A Distributed and Secure Resource Allocation Method for Power Communication Networks Based on Policy Distillation

Yue Zhang; Zongtao Li; Si Chen; Guoqiang Hu; Pengcheng Li; Ruimei Wu

doi:10.4108/eetsis.11995

Authors

Yue Zhang Inner Mongolia Power Communication Company
Zongtao Li Inner Mongolia Power Communication Company
Si Chen Inner Mongolia Power (Group) Co., Ltd.
Guoqiang Hu Inner Mongolia Power (Group) Co., Ltd.
Pengcheng Li Inner Mongolia Power Communication Company
Ruimei Wu Inner Mongolia Power Communication Company

DOI:

https://doi.org/10.4108/eetsis.11995

Keywords:

Power Communication Networks, Reinforcement Learning, Policy Distillation, Distributed and Secure Resource Allocation

Abstract

INTRODUCTION: In the next-generation smart grid communication architecture, how to achieve secure, dynamic, and fine-grained network resource allocation to ensure differentiated QoS for various services has become a key challenge. OBJECTIVES: Therefore, this study proposes a lightweight resource allocation method based on constrained policy distillation to address the challenge of balancing lightweight deployment with strong security assurance in power communication networks. METHODS: By integrating Graph Neural Networks (GNNs) and Bidirectional LSTM (Bi-LSTM), the model extracts three-dimensional features of topology, service, and resources to construct a 128-dimensional joint state representation. Moreover, a multi-objective reward function is designed that employs a double Q-network to mitigate value overestimation and generate a high-fidelity decision trajectory library. Through service-constrained policy distillation, the model innovatively combines KL divergence loss, a squared hard-constraint loss, and a soft-constraint L2 loss to compress the teacher model into a student model, subsequently compiled and deployed at the edge. Finally, a rule engine layer dynamically adjusts priorities for intercepting critical violations and ensures the security of the power system. RESULTS: Experimental results based on real-world power grid datasets demonstrate that our model achieves superior performance in resource efficiency, security, and edge effectiveness, effectively balancing lightweight deployment with strong security assurance in resource allocation for power communication networks. CONCLUSION: It can be seen that this method enables distributed and secure resource allocation in power communication network environments, thus providing reliable QoS guarantees for new-type power systems.

References

[1] He H, Meng X, Wang Y, et al. Deep reinforcement learning based energy management strategies for electrified vehicles: Recent advances and perspectives. Renewable and Sustainable Energy Reviews. 2024; 192: 114248.

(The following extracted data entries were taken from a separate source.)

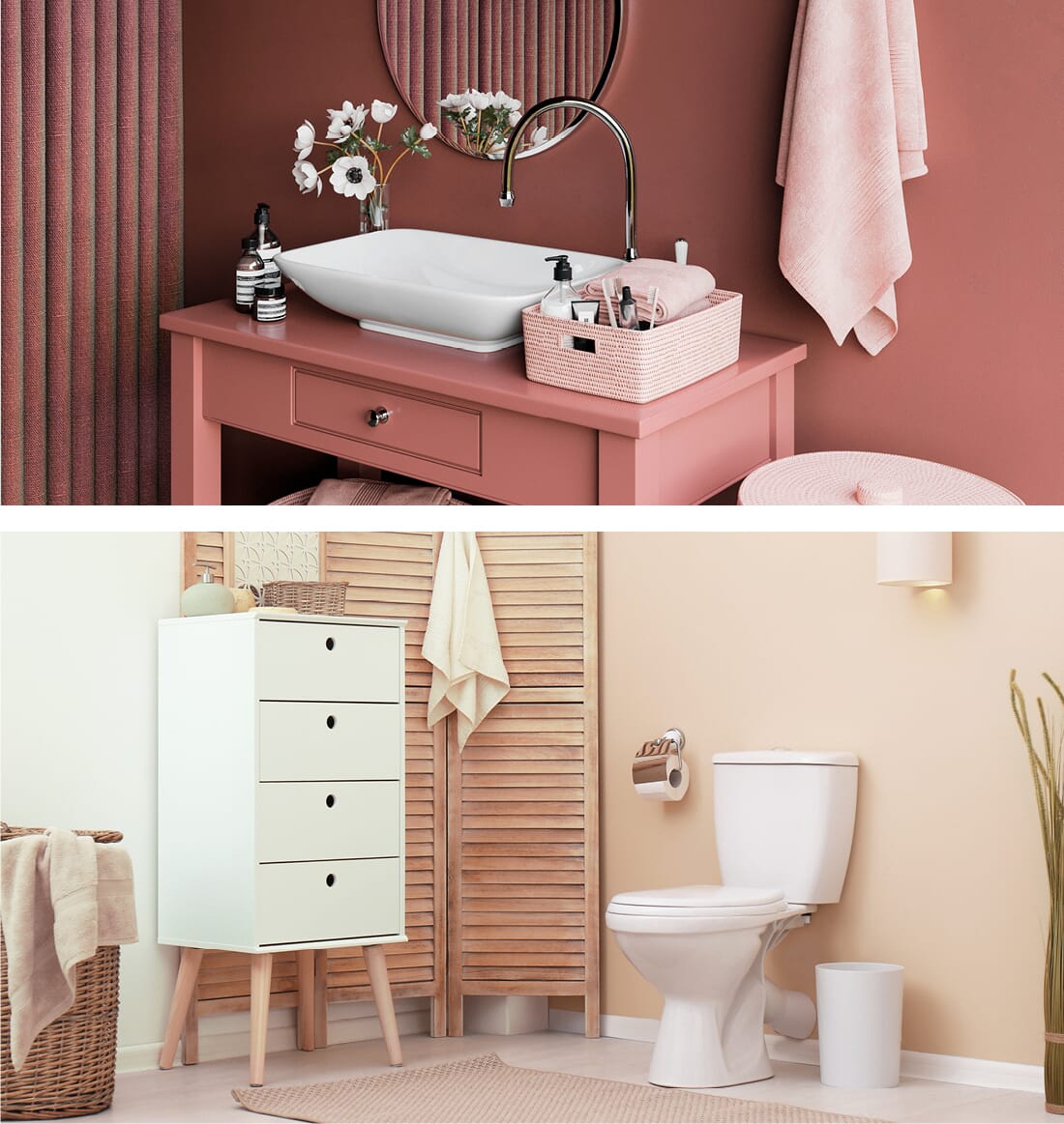 Créez une salle de bain d’inspiration spa avec ce duo de peintures apaisant et réconfortant. La variation de chaleur
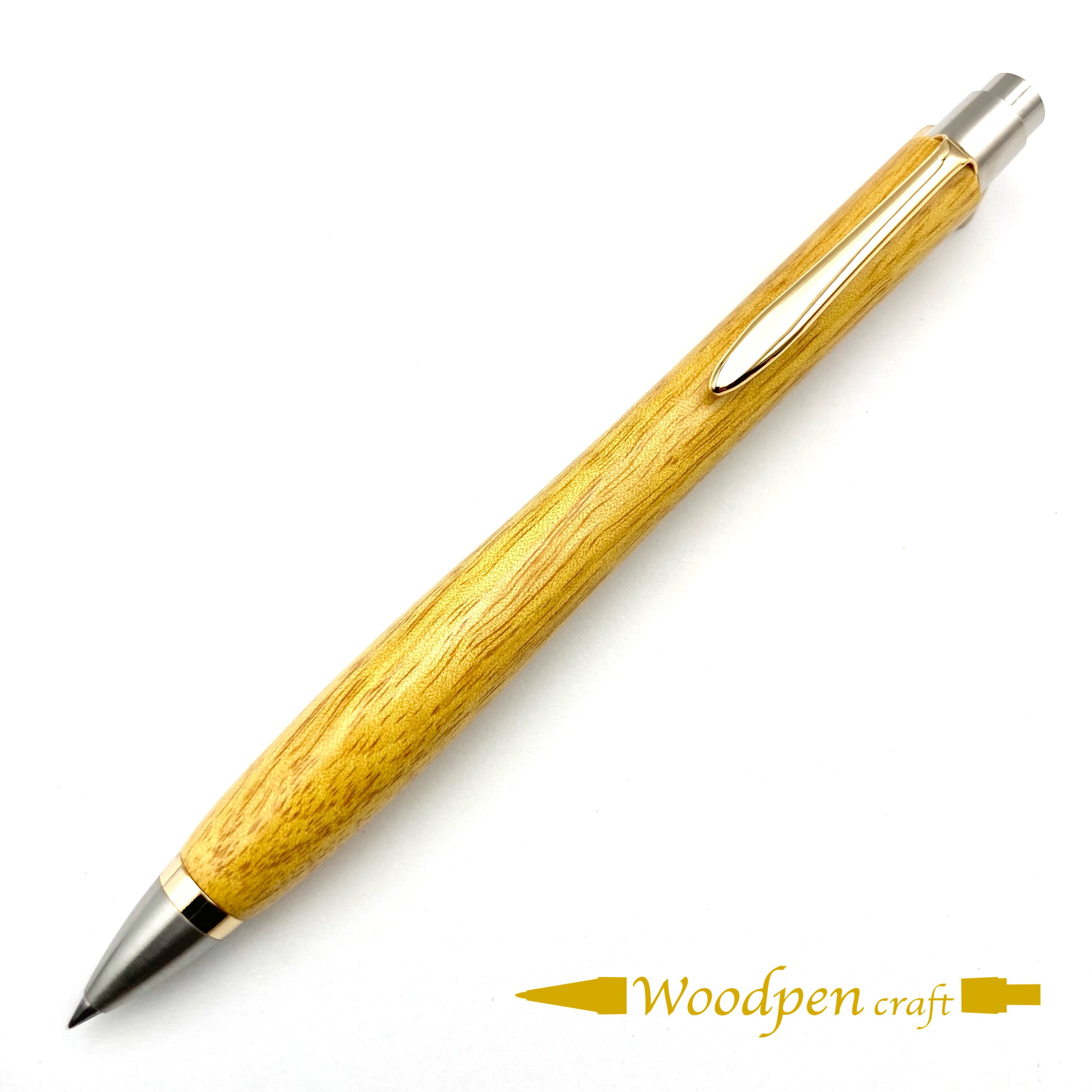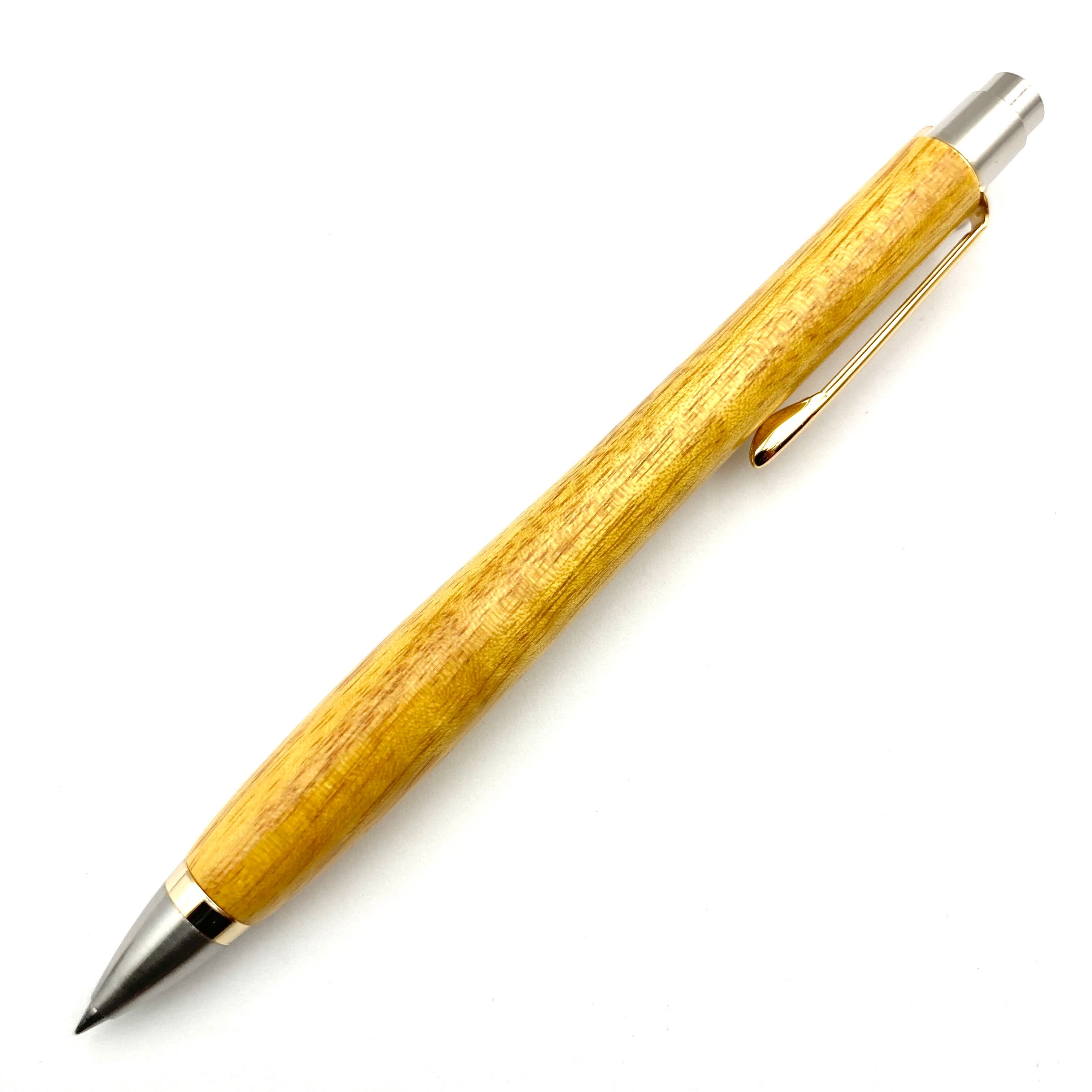 ボールペンのノックシステムは、ドイツ最高のクリックメカニズムを採用してあります。このメカニズムはユニークな機構のため、クリックしたときのカチカチ音が静かで、どんな場所でも気兼ねなく使うことができます。滑らかに動くこのプッシュ感覚を一度味わうと他には戻れなくなってしまうほどの魅力があります。 100分の1単位の加工精度で削り出されたペン先は、軸ブレも全くありません。
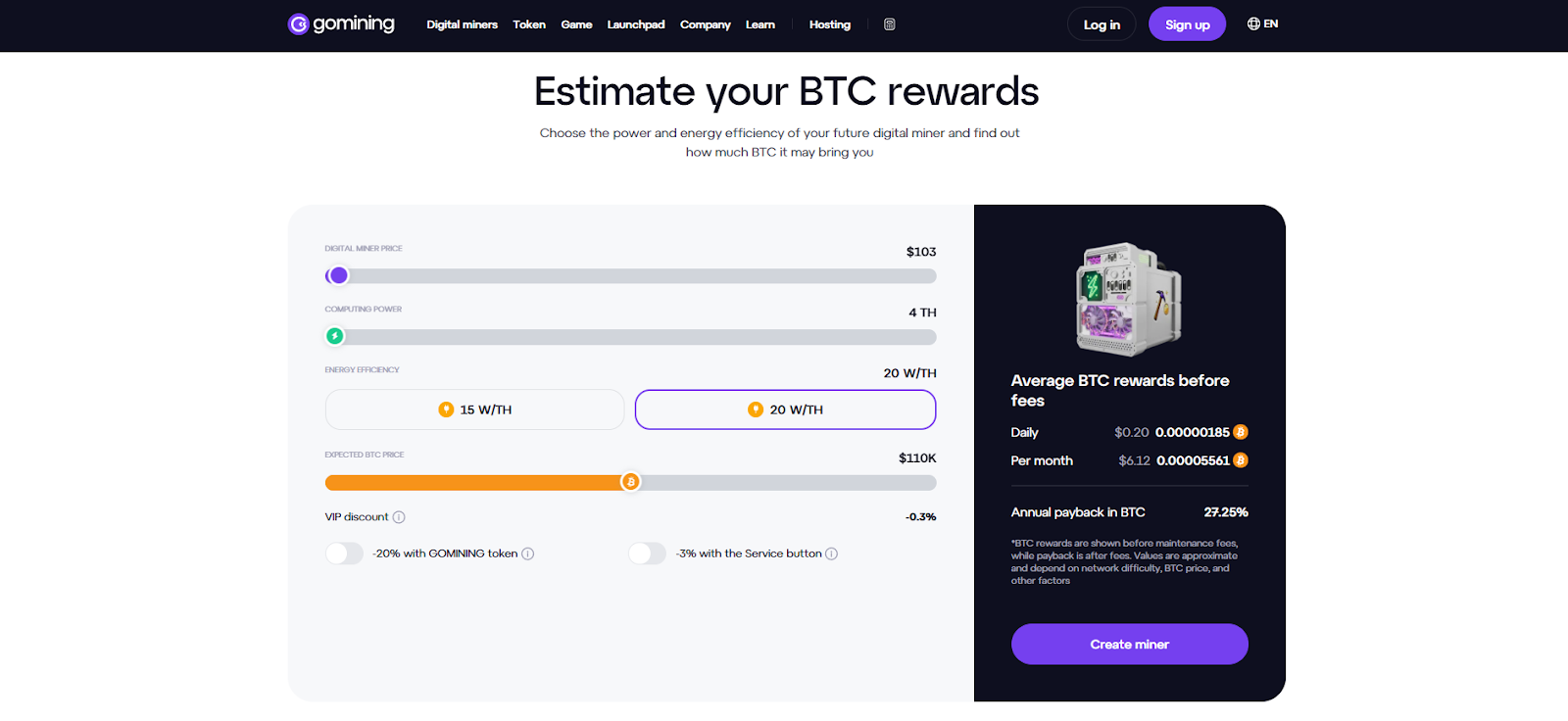 Gomining Digital Miners обещает стабильный доход от облачного майнинга, но отсутствие прозрачности в работе и гарантий вызывает сомнения. Сайт зарегистрирован недавно, что ставит под вопрос его надежность. Рекомендую быть осторожным с этим проектом.

[2] Zhao H, Sun W, Ni Y, et al. Deep deterministic policy gradient-based rate maximization for RIS-UAV-assisted vehicular communication networks. IEEE Transactions on Intelligent Transportation Systems. 2024; 25(11):15732-15744.

[3] Luo L, Yan X. Scheduling of stochastic distributed hybrid flow-shop by hybrid estimation of distribution algorithm and proximal policy optimization. Expert Systems with Applications. 2025; 271: 126523.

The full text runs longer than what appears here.